Saturday, March 21, 2015

Second Pregnancy Update: 21 Weeks

21 Weeks!
Different pregnancy symptoms have started to emerge over the last week!

Pregnancy Symptoms
The round ligament pain seems to have eased off temporarily, though it wouldn't surprise me if it came back before too long. It may be that some of the stretches I have to do in my birthing classes are helping that out. There is some occasional lower back pain, but that too could be related to some exercises that I'm doing for the class.
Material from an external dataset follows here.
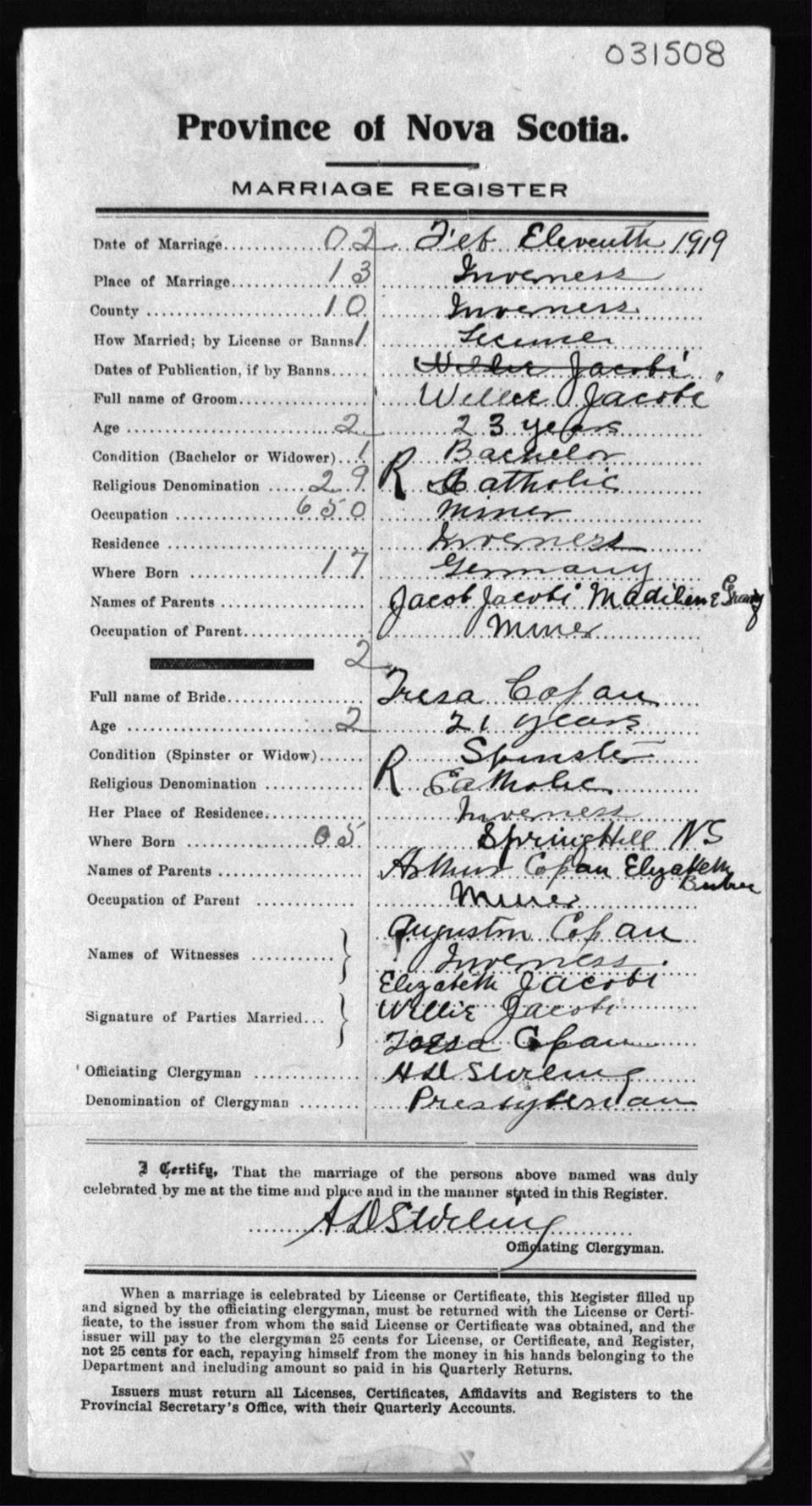 Registration: Year: 1919 number: 31508

I've noticed that it's getting much harder to change sleeping positions at night, because my belly feels large and heavy! This will certainly increase the further along I get in the pregnancy, since my belly is just going to keep getting bigger. It hasn't been a problem so far, but it takes me way longer to roll from one side to the other than I am used to. At least I have lovely baby kicks to amuse me until I find a comfortable spot!
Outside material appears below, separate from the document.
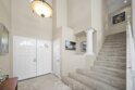 End-unit and largest model in the community! Showcasing 1,847 sqft with 3 bedrooms, 2.5 bathrooms, a 2 car direct access garage, a private backyard and a rare highly coveted full driveway. You'll notice 20ft vaulted ceilings with plenty of windows, allowing natural light throughout the property. Luxurious touches downstairs include Travertine stone flooring as well as a gas fireplace in the living room. Your chef's kitchen features granite countertops, a spacious kitchen island with storage and stainless steel designer appliances. The kitchen is open to the dining room, which has built-ins for additional storage. With an open floor plan, your home is perfect for entertaining. Dual sliding glass doors allow access to your wraparound backyard. Downstairs is also a half bathroom and a laundry closet. Upstairs, the master bedroom has vaulted ceilings, an oversized walk-in closet, a private balcony with a greenbelt view and a gas fireplace. The ensuite master bathroom has dual sinks, a separate soaking tub, a walk-in shower and an upgraded vanity. Two additional bedrooms both have vaulted ceilings and plenty of closet space. One of the bedrooms has a dual mirrored closet and the other has a huge walk-in closet. The upstairs full bathroom is upgraded with Tuscany inspired tile. HOA amenities include a pool, spa, roof coverage, the Rancho San Clemente Sports Park (beach volleyball, basketball, a playground). A new Lifetime Fitness is opening later this year. No Mello-Roos!

I also can't bend at the waist at all after eating a meal and if I stand up straight, I can't see my toes because my baby bump sticks out so far! That's not an issue for me though, because it means Baby Girl is still in there and still growing. From time to time, my belly will bump into something or press buttons accidentally. I have a feeling this will just become more common, too! Though it could be my imagination, I feel so much bigger at 21 weeks with this baby than at 23 weeks with Adelyn Jane!
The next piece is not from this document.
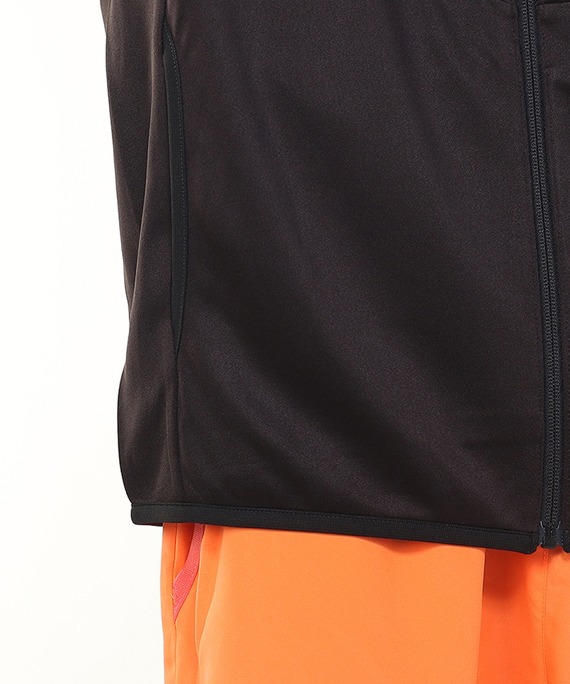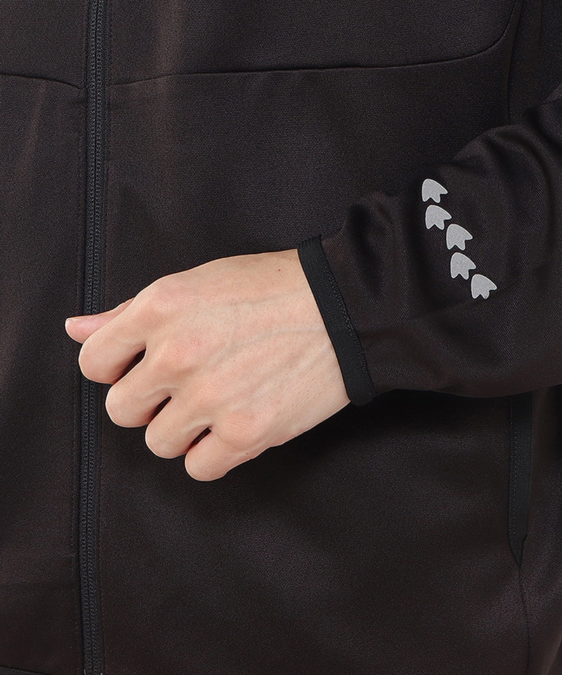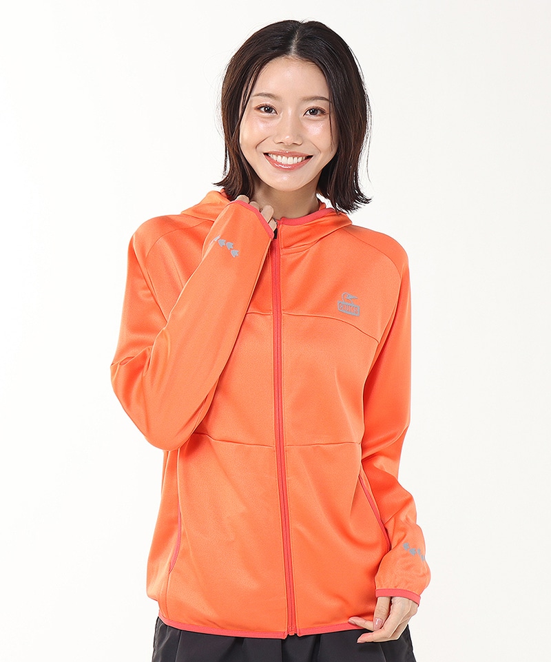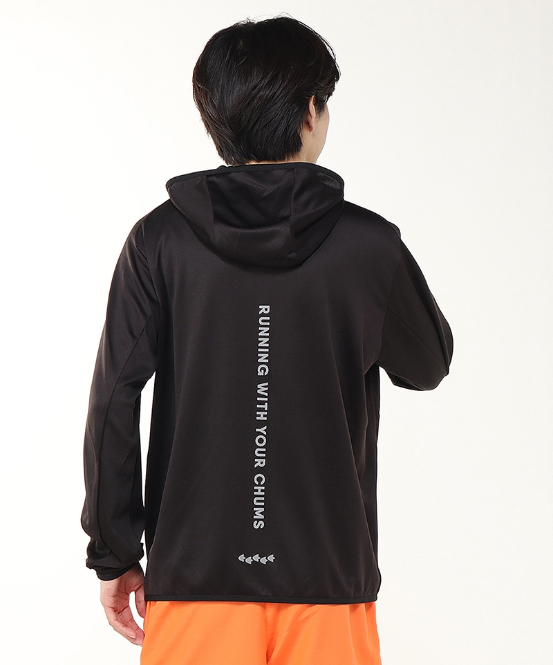 ハイストレッチでなめらかな肌触りが魅力のフルジップパーカー。フロントにはバッジロゴをモチーフにしたカッティングを入れて、CHUMSらしいあそびゴコロを表現。左胸にはブービーフェイスロゴ、袖と背面にはブービーフットと「RUNNING WITH YOUR CHUMS!」のリフレクタープリントを施し、夜間の視認性を高めながらデザインのアクセントにしました。

One more thing that is different from last week is that my skin is starting to get very tight. I don't believe it's possible to prevent stretch marks (and that whether or not you get them is based on the natural elasticity of your skin), but I've been trying to keep plenty of homemade lotion on there so I don't get itchy. If I press my fingers into my abdomen, they don't really go anywhere, so it won't surprise me if I get some stretch marks in the coming weeks! Fortunately, the thought of my skin scarring from a growing baby bump doesn't upset me in the least. I see it as a medal of honor that marks my "mom status." When I was pregnant with Addie, I didn't get any because she was born too early. Rather than having the scars as a memory of my first pregnancy it was as if the entire thing hadn't happened at all, which was way worse to me than having scarred skin. Hopefully this time I'll get those beautiful belly marks to go along with the memories of this pregnancy!

A Few Thoughts
Wednesday was the 20 week anatomy scan. During that time, the technician carefully examined Baby Girl to check on her heart, brain, kidneys, and other important organs to make sure everything was working properly. They also checked for any physical abnormalities, took measurements (which I forgot to ask about), and checked the amniotic fluid levels. Everything looked great!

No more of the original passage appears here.